Books as objects. I must say they look good on the bookshelf. Bright, beautiful, shining (not shiny). And I don't even have to feel guilty that I won't be reading them because these were bought, in the first place, not to be read but to be looked and lusted at. Lately, I've been meeting other book lovers who have been doing likewise and I must rush to add that this kind of books-adorning-our-bookshelves is not the same as that philistine practice common to so many of our homes where 25 books or so are displayed in the showcase (the top row is usually five or 10 volumes of an encyclopaedia followed by religious, self-help and health books, popular paperbacks, and Readers Digest Condensed Books) along with other trophies (recently I saw a computer in a showcase).
For the longest time I actually preferred second-hand books mostly paperbacks to new books. I could afford them and I loved the way they smelled. In India we've never had a culture of collecting hardbacks. Our bookstores stocked so few of them and they were and still are expensive. Paperbacks new and old is what we saw in abundance and that's what we bought and kept (quite proudly and contentedly) on our shelves. While in the West and perhaps even in some parts of Asia, like Singapore serious book collectors would only buy and collect hardbacks. To them, paperbacks were functional to use and discard. Not anymore. Paperbacks look so good these days those Vintage paperbacks, for instance (the work of Sonny Mehta of Alfred Knopf) are more exquisite than even hardbacks. The India Penguin paperback originals and the HarperCollins-Rupa paperbacks are wonderful to behold. I love their use of bright, bold, irresistible colours on the covers yellow, pink, blue, purple, black and the artful and pleasing way the cover design combines a photograph with an illustration.
It took me years to be weaned away from paperbacks (I missed the blurbs, for one thing) to hardbacks. But it is with the hardbacks that you really first encounter the physicality of books. It begins with their size and weight, their heft, and the way it feels in your hands. Then you become aware of the dust jacket (there's a way of reading a book with the dust jacket on which I'm yet to learn, so I take it off when reading on account of how it keeps slipping). The fascination with books as beautiful objects doesn't stop with dust jackets it begins there. It's when you strip the book off its jacket that you see how elegantly crafted it is paper, ink, cardboard, glue, thread and binding.

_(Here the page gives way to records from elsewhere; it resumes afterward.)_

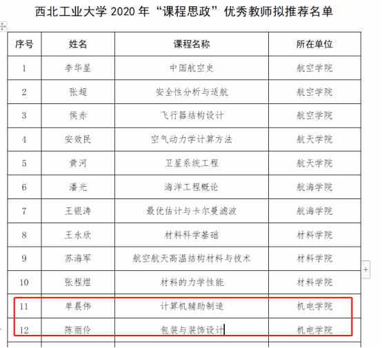 2.7单晨伟、陈丽伶两位老师入选yl6776永利集团2020年“课程思政”优秀教师拟推荐名单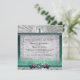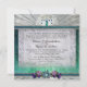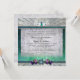 Le paon de verre émeraude aux accents de plumes de diamant et d'émeraude recouvrant des plumes de dentelle blanche s'est évanoui au-dessus d'un ruban émeraude turquoise. Panneau de dentelle avec bordure de perle. parties scintillant de fleurs lilas feuilles turquoises et paons contre un arrière - plan émeraude émeraude.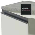 O acabamento é branco, feito em Pintura Poliéster com 7 camadas que protegem o móvel dos efeitos do álcool da água e do calor.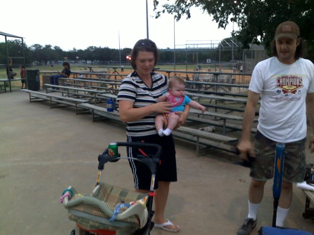 Newton scores in the top of the 5th inning. Lacey scored ahead of him, and looks either very bored or very tired. Azzy is first base coach. |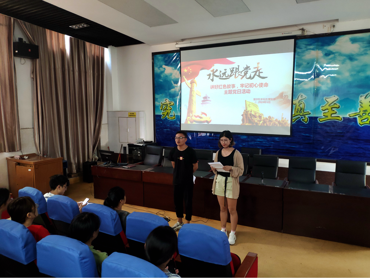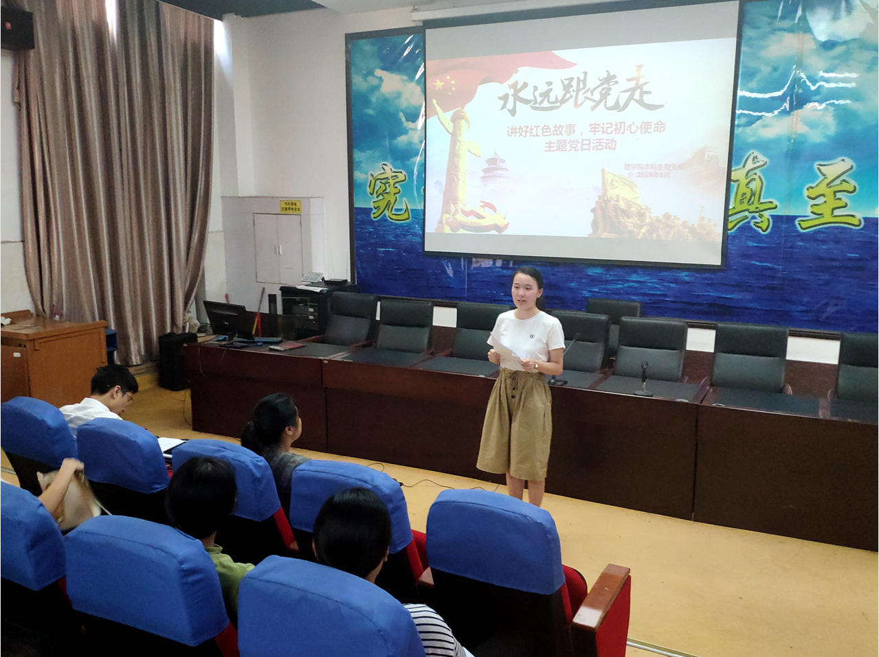 9月10日下午,理学院本科生党支部开展了 “讲好红色故事,牢记初心使命”主题党日活动。活动中,员工党员通过情景表演、朗诵、PPT演讲等多种形式再现了伟大的无产阶级革命家朱德,革命烈士刘胡兰、伍若兰等信念坚定、艰苦奋斗、不畏牺牲的红色经典事迹,并展开热烈讨论。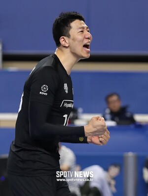 [스포티비뉴스=천안, 한희재 기자] 현대캐피탈과 대한항공의 2018-2019 도드람 V리그 챔피언 결정전 3차전이 26일 오후 충남 천안 유관순체육관에서 열렸다. 득점을 올린 현대캐피탈 신영석이 기뻐하고 있다.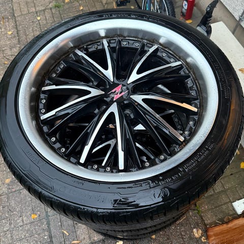 Hieno vannesetti ok kuntoisilla renkailla. Yhdessä vanteessa pieni jälki, näkyy kuvassa 1 ja 3. Hinnassa on tinkaus varaa.

For sometime now I've been delighting in hardback books with untrimmed fore-edges making the book look and feel old; wonderful and priceless to the touch.
When it comes to handling books I confess that I am what Anne Fadiman in Ex Libris calls a courtly lover. As opposed to a carnal lover. The courtly lover is obsessed with keeping, maintaining and preserving a book in good condition. For the carnal lover a book's words are holy not the paper, cloth, ink and binding. And so the carnal lover wantonly writes in margins and fly leafs, underlines passages, dog-ears pages and keeps books face down, straining the spine.
I didn't always use to be a courtly lover. Reading in school and college, I would often dog-ear pages and keep the book spread-eagled on the bed. The book as an object was invisible to me. Only the writing inside mattered. Now that I read less, I'm looking more at the book!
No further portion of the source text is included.